• Directions:
For this exercise, return only the lines in the records below from the one holding "Beach holiday - beautiful" through the one holding "The wooden doors", including both, exactly as they appear and without pictures.

• Available data:
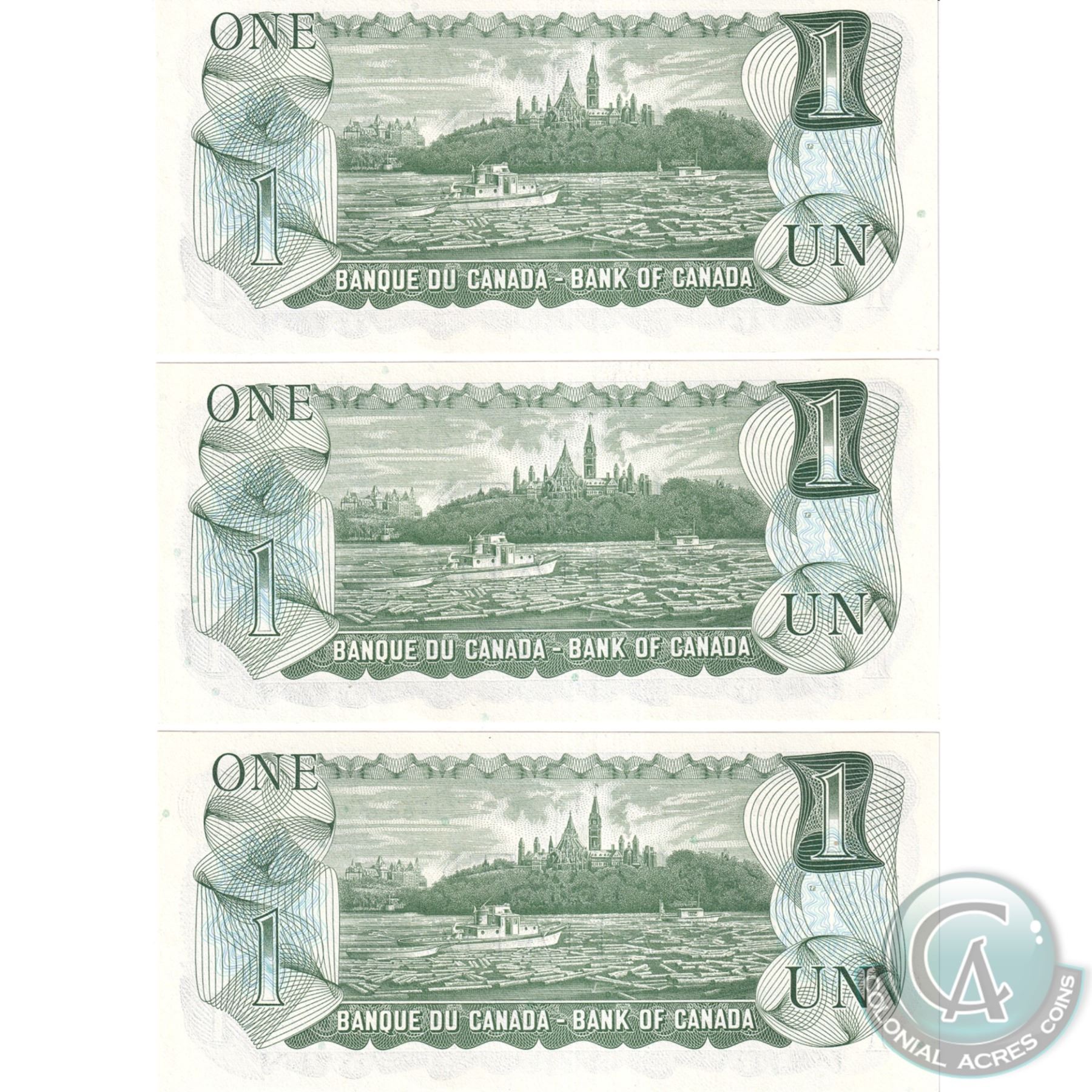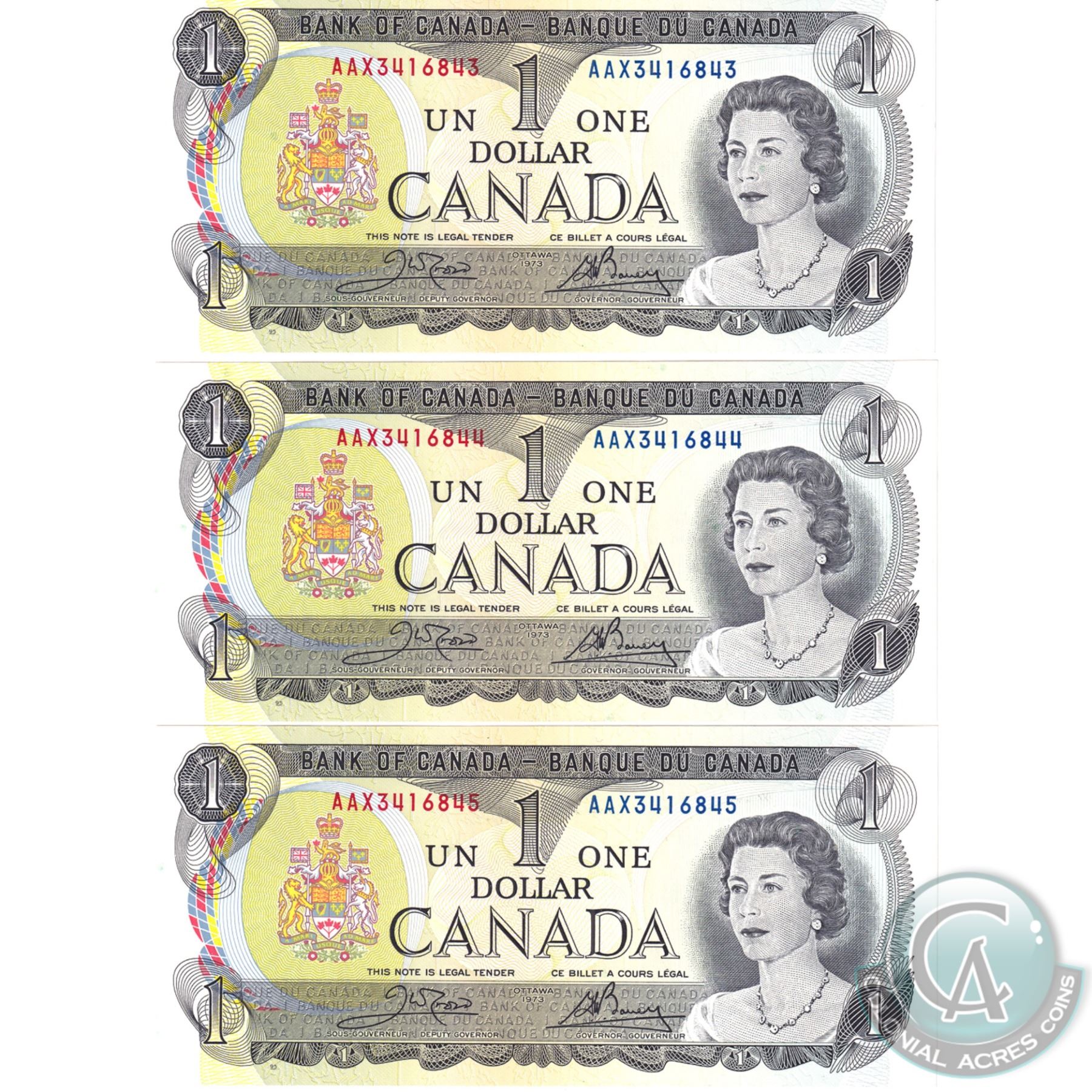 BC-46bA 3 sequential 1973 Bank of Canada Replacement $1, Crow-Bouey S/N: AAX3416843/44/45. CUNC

--

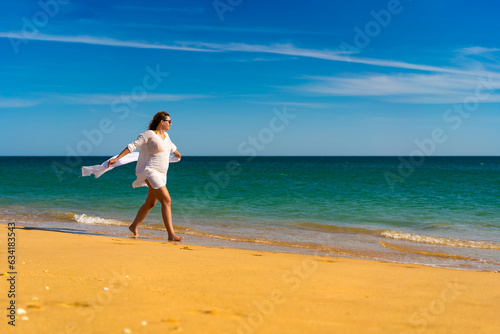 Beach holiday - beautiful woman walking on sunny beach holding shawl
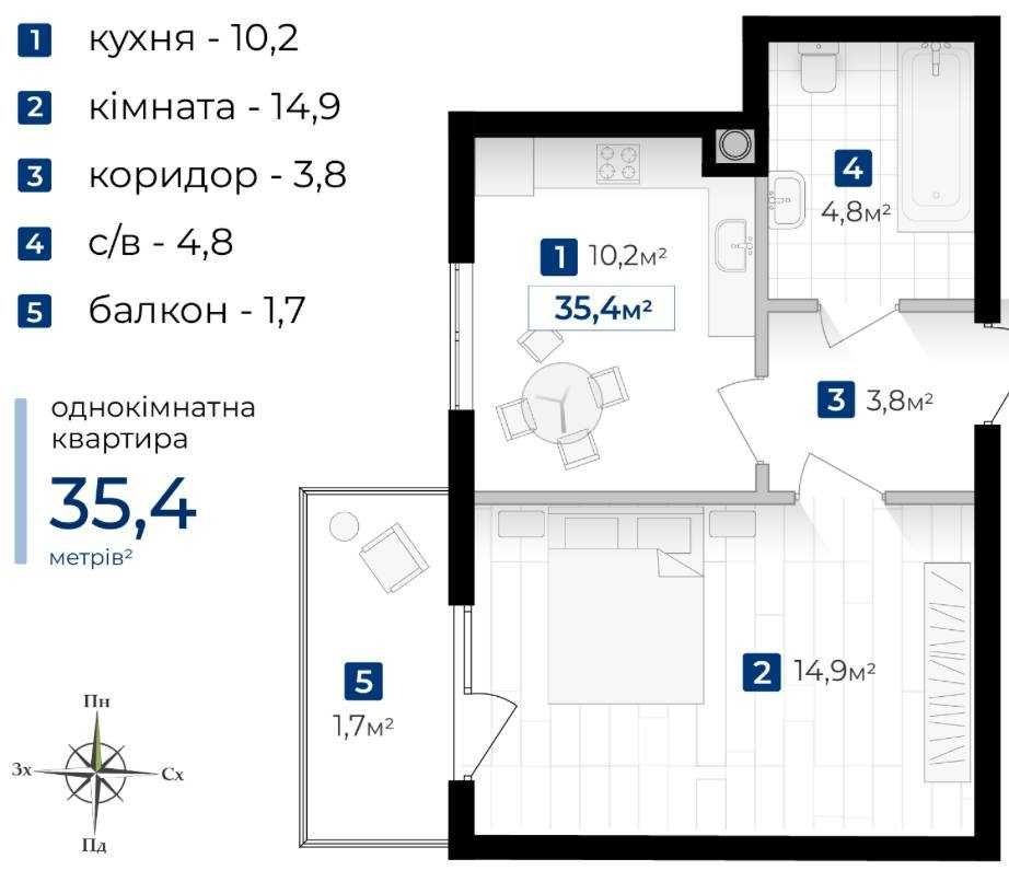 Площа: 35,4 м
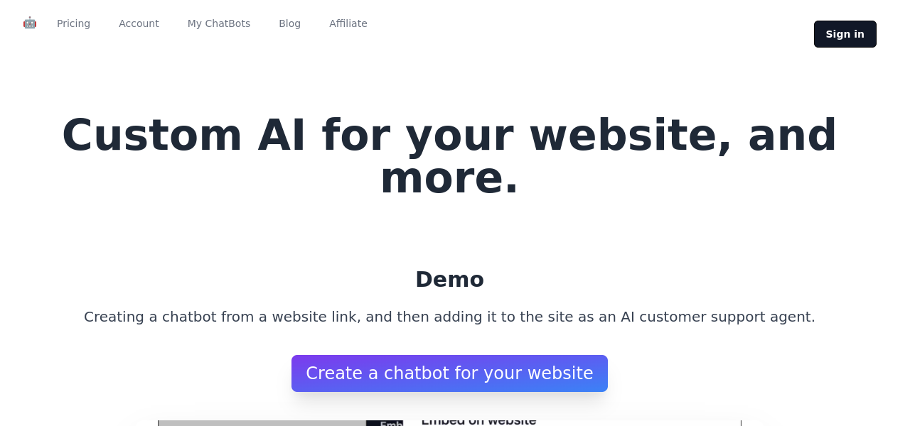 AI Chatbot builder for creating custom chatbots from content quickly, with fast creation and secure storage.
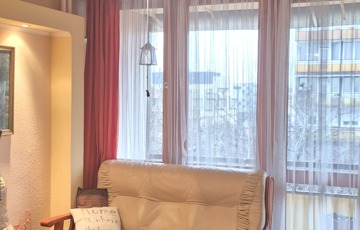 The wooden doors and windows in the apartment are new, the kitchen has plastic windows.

• Your response:
 Beach holiday - beautiful woman walking on sunny beach holding shawl
 Площа: 35,4 м
 AI Chatbot builder for creating custom chatbots from content quickly, with fast creation and secure storage.
 The wooden doors and windows in the apartment are new, the kitchen has plastic windows.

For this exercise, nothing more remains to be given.